- **Work required**
The goal here is an exact copy of the entries below, without their pictures.

- **Task input**
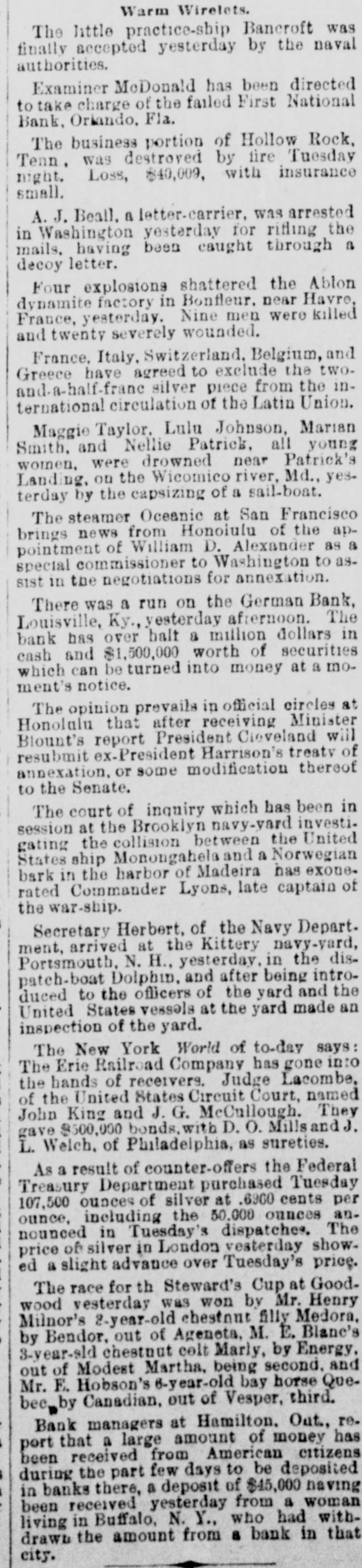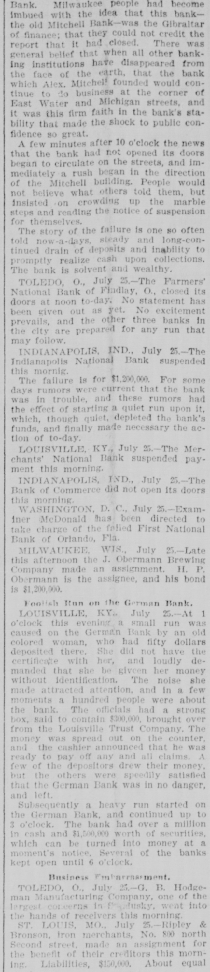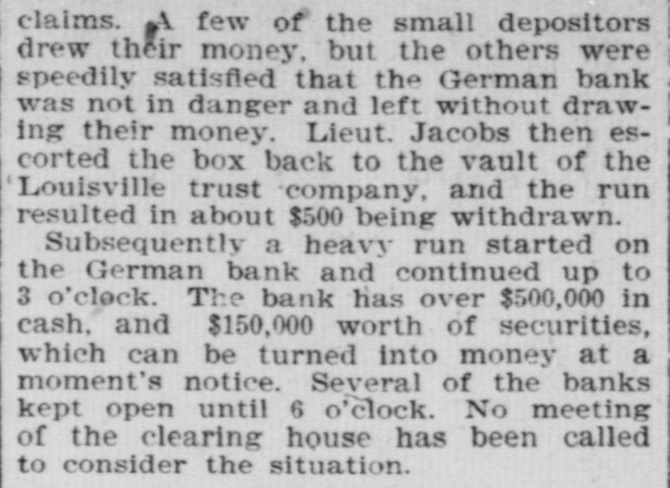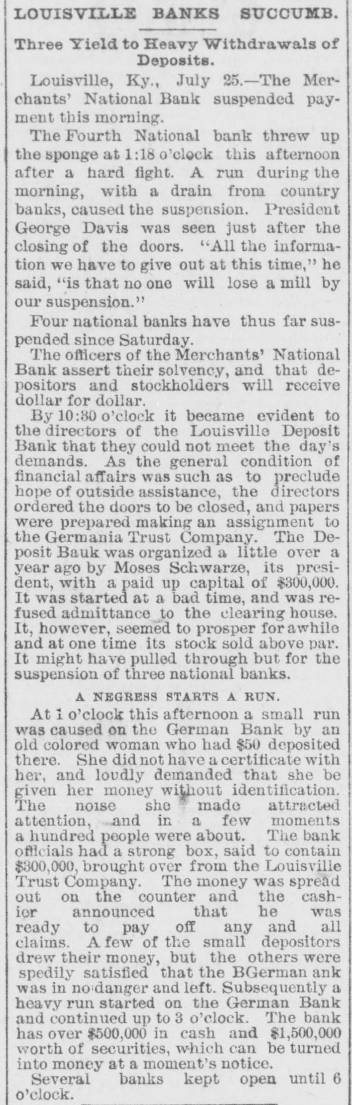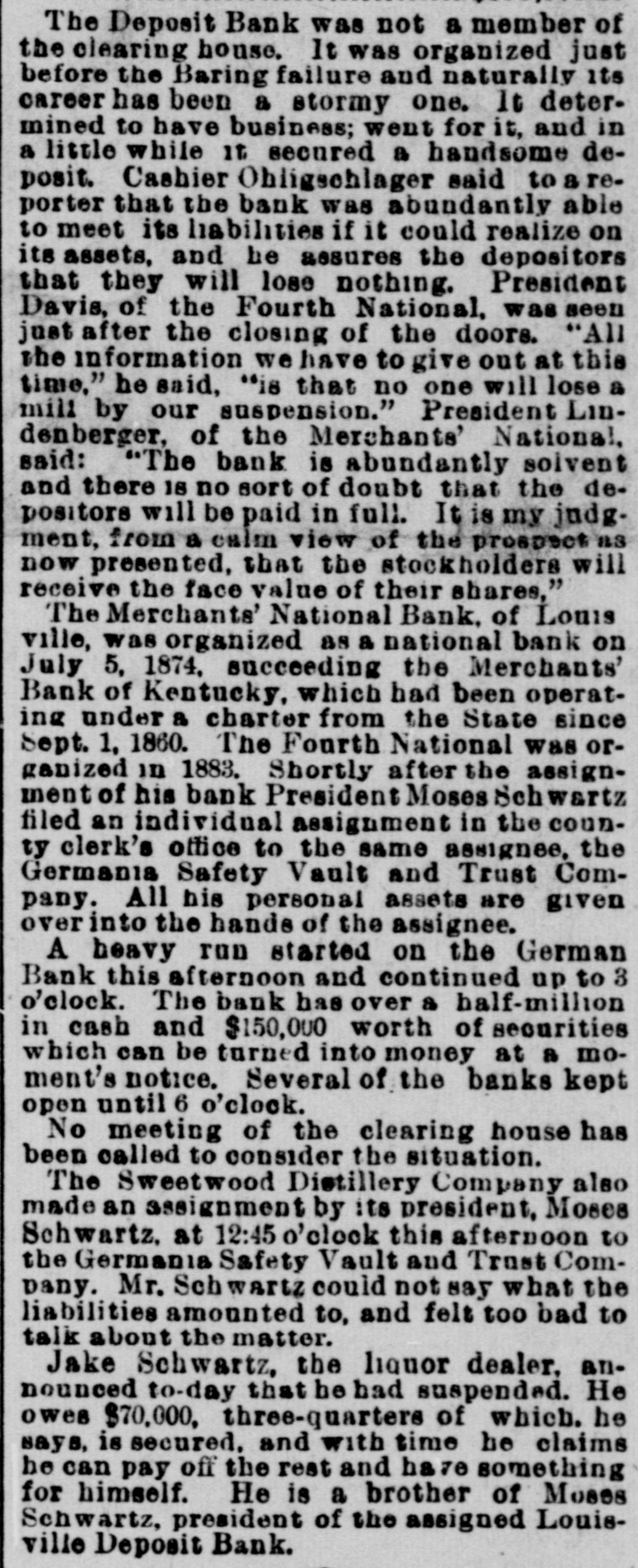 The Deposit Bank was not a member of the clearing house. It was organized just before the Baring failure and naturally its career has been a stormy one. It determined to have business; went for it, and in a little while it secured a handsome deposit. Cashier Obligschlager said to a reporter that the bank was abundantly able to meet its liabilities if it could realize on its assets, and he assures the depositors that they will lose nothing. President Davis, of the Fourth National, was seen just after the closing of the doors. "All the information we have to give out at this time," he said, "is that no one will lose a mili by our suspension." President Lindenberger, of the Merchants' National, said: "The bank is abundantly solvent and there 18 no sort of doubt that the depositors will be paid in full. It is my judg. ment, from a calm view of the prospect as now presented, that the stockholders will receive the face value of their shares," The Merchants' National Bank, of Louis ville, was organized as a national bank on July 5, 1874, succeeding the Merchants' Bank of Kentucky, which had been operating under a charter from the State since Sept. 1, 1860. The Fourth National was organized in 1883. Shortly after the assign. ment of his bank President Moses Sch wartz filed an individual assignment in the county clerk's office to the same assignee, the Germania Safety Vault and Trust Company. All his personal assets are given over into the hands of the assignee. A heavy run started on the German Bank this afternoon and continued up to 3 o'clock. The bank has over a half-million in cash and $150,000 worth of securities which can be turned into money at a moment's notice. Several of the banks kept open until 6 o'clock. No meeting of the clearing house has been called to consider the situation. The Sweetwood Distillery Company also made an assignment by its president, Moses Schwartz. at 12:45 o'clock this afternoon to the Germania Safety Vault and Trust ComDany. Mr. Sch wartz could not say what the liabilities amounted to, and felt too bad to talk about the matter. Jake Schwartz, the liquor dealer. announced to-day that he had suspended. He owes $70,000. three-quartere of which. he says, is secured. and with time he claims he can pay off the rest and ha 70 something for himself. He is a brother of Moses Schwartz, president of the assigned Louisville Deposit Bank.
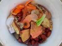 Los restos de comida, excluidos los fritos, huesos, caldos, carnes ó pescados por el contenido de aceites que contienen los podemos añadir. (Básicamente todas las cáscaras de frutos secos, frutas, verduras, papel no tintado ya que contiene plomo el de color, poso del café, cáscaras de huevos.)
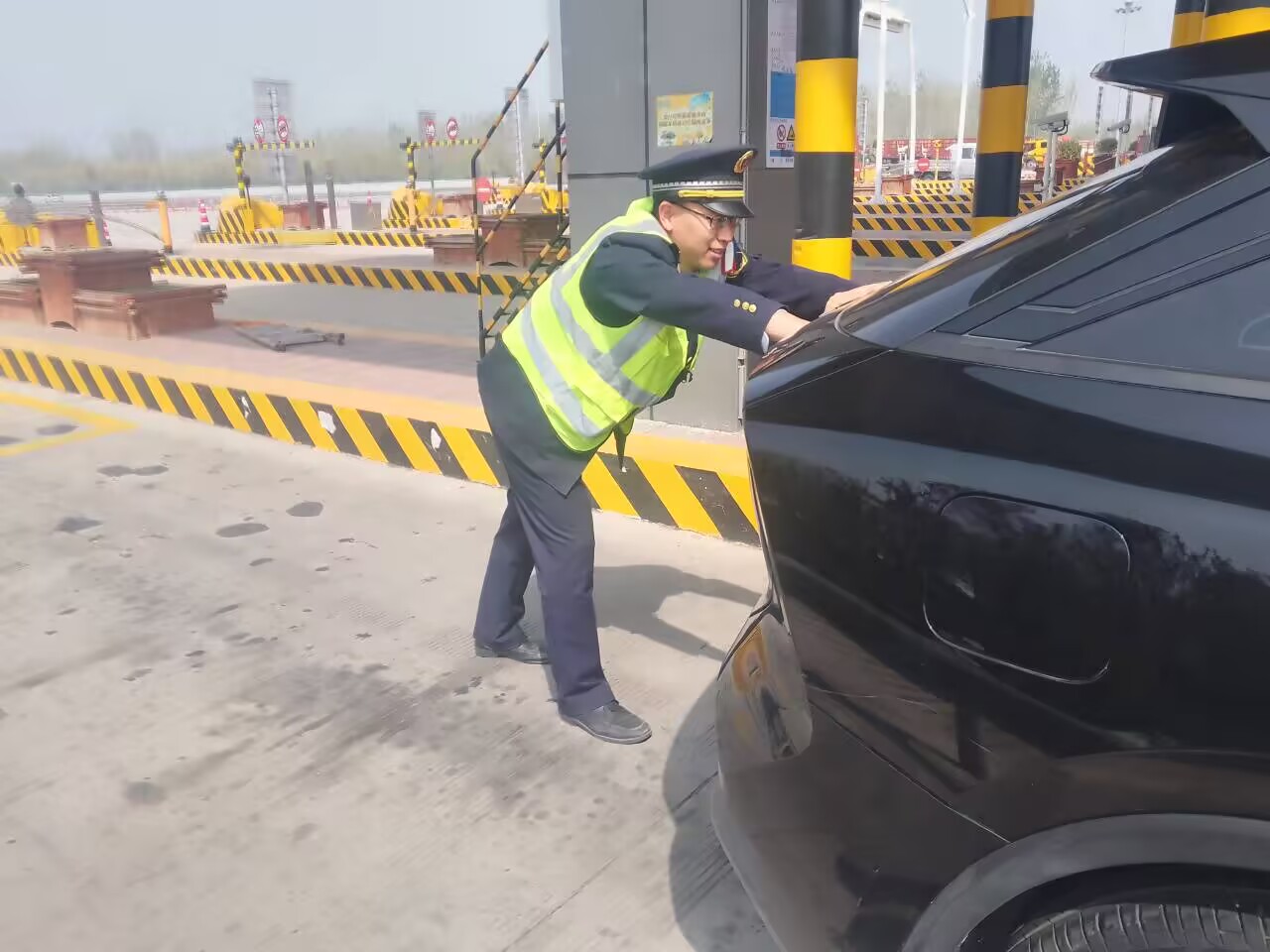 4月7日,一辆黑色轿车在即将驶出收费车道时突发故障,无法正常行驶。收费人员立即上报班长前来处理。
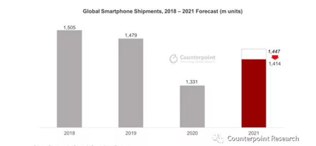 无独有偶,Counterpoint Research也下调了今年全球智能手机的出货量预期,由最初14.5亿部减少为14.1亿部,增长预期也从9%下调至6%。
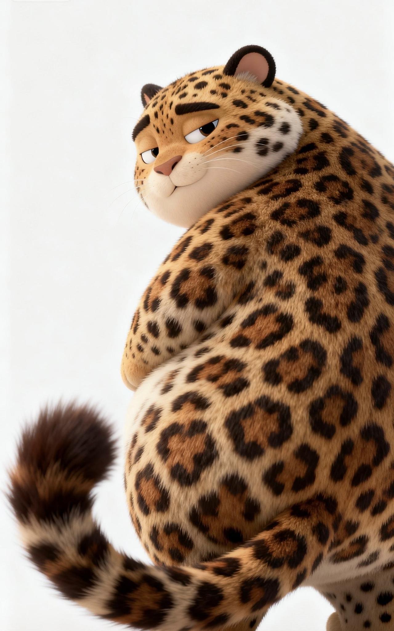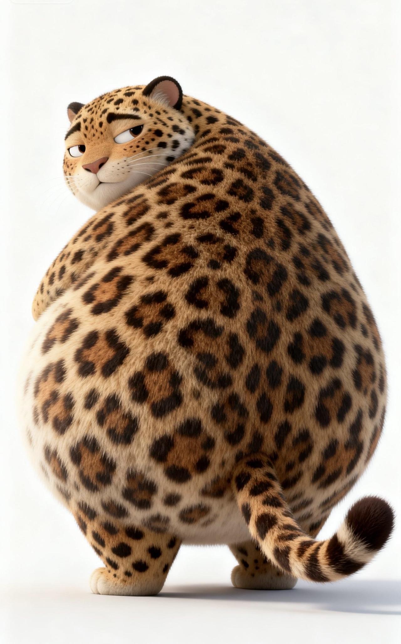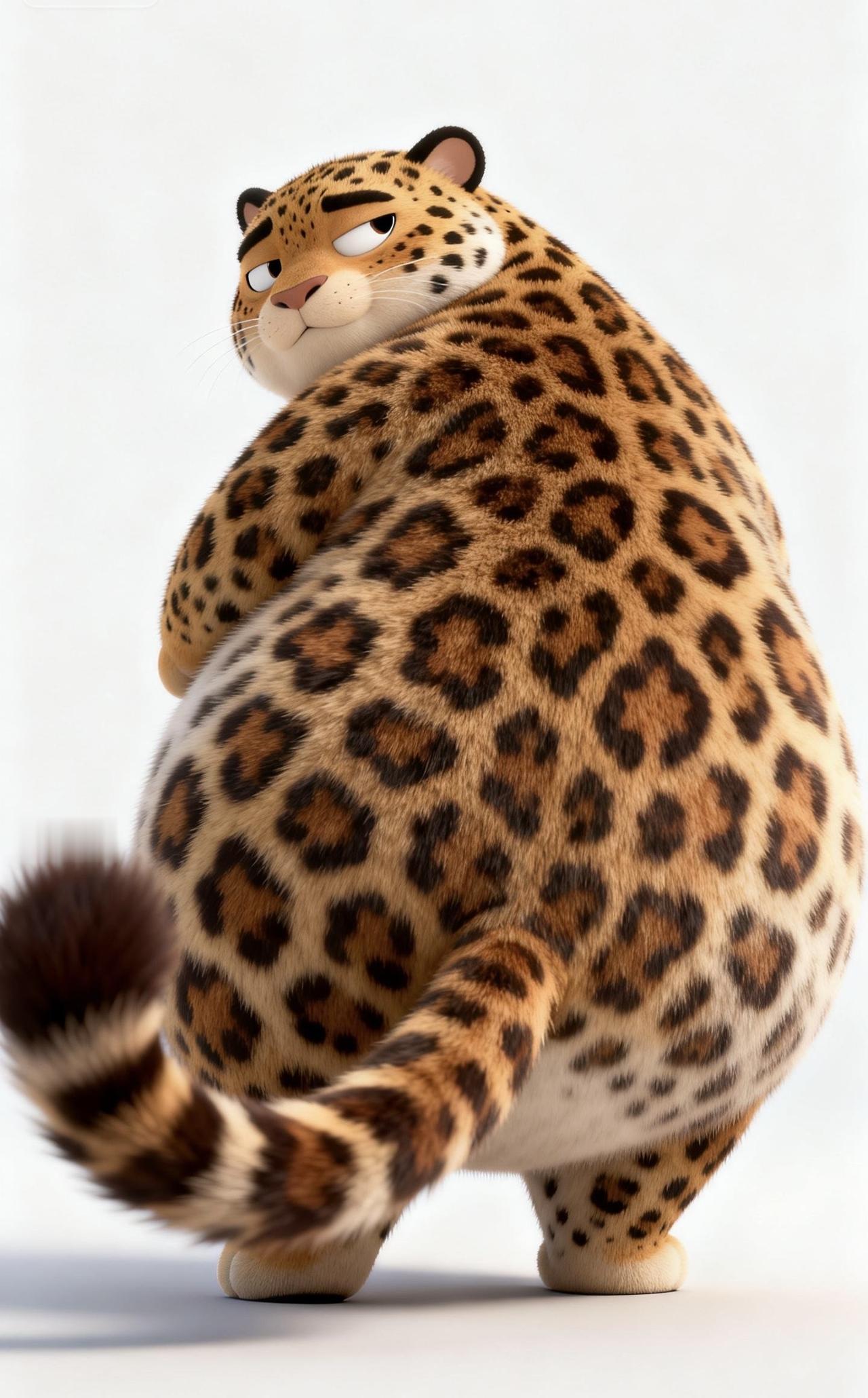📝纯白干净背景里,3D渲染出一只Q萌胖嘟嘟的花豹,只拍硕大圆润的背部。
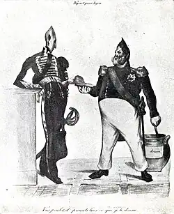 - ^ "Planche de la lithographie mensuelle" [Monthly lithograph board]. La Caricature (in French). April 17, 1834. Archived from the original on October 17, 2021.

- **Result below**
 The Deposit Bank was not a member of the clearing house. It was organized just before the Baring failure and naturally its career has been a stormy one. It determined to have business; went for it, and in a little while it secured a handsome deposit. Cashier Obligschlager said to a reporter that the bank was abundantly able to meet its liabilities if it could realize on its assets, and he assures the depositors that they will lose nothing. President Davis, of the Fourth National, was seen just after the closing of the doors. "All the information we have to give out at this time," he said, "is that no one will lose a mili by our suspension." President Lindenberger, of the Merchants' National, said: "The bank is abundantly solvent and there 18 no sort of doubt that the depositors will be paid in full. It is my judg. ment, from a calm view of the prospect as now presented, that the stockholders will receive the face value of their shares," The Merchants' National Bank, of Louis ville, was organized as a national bank on July 5, 1874, succeeding the Merchants' Bank of Kentucky, which had been operating under a charter from the State since Sept. 1, 1860. The Fourth National was organized in 1883. Shortly after the assign. ment of his bank President Moses Sch wartz filed an individual assignment in the county clerk's office to the same assignee, the Germania Safety Vault and Trust Company. All his personal assets are given over into the hands of the assignee. A heavy run started on the German Bank this afternoon and continued up to 3 o'clock. The bank has over a half-million in cash and $150,000 worth of securities which can be turned into money at a moment's notice. Several of the banks kept open until 6 o'clock. No meeting of the clearing house has been called to consider the situation. The Sweetwood Distillery Company also made an assignment by its president, Moses Schwartz. at 12:45 o'clock this afternoon to the Germania Safety Vault and Trust ComDany. Mr. Sch wartz could not say what the liabilities amounted to, and felt too bad to talk about the matter. Jake Schwartz, the liquor dealer. announced to-day that he had suspended. He owes $70,000. three-quartere of which. he says, is secured. and with time he claims he can pay off the rest and ha 70 something for himself. He is a brother of Moses Schwartz, president of the assigned Louisville Deposit Bank.
 Los restos de comida, excluidos los fritos, huesos, caldos, carnes ó pescados por el contenido de aceites que contienen los podemos añadir. (Básicamente todas las cáscaras de frutos secos, frutas, verduras, papel no tintado ya que contiene plomo el de color, poso del café, cáscaras de huevos.)
 4月7日,一辆黑色轿车在即将驶出收费车道时突发故障,无法正常行驶。收费人员立即上报班长前来处理。
 无独有偶,Counterpoint Research也下调了今年全球智能手机的出货量预期,由最初14.5亿部减少为14.1亿部,增长预期也从9%下调至6%。
📝纯白干净背景里,3D渲染出一只Q萌胖嘟嘟的花豹,只拍硕大圆润的背部。
 - ^ "Planche de la lithographie mensuelle" [Monthly lithograph board]. La Caricature (in French). April 17, 1834. Archived from the original on October 17, 2021.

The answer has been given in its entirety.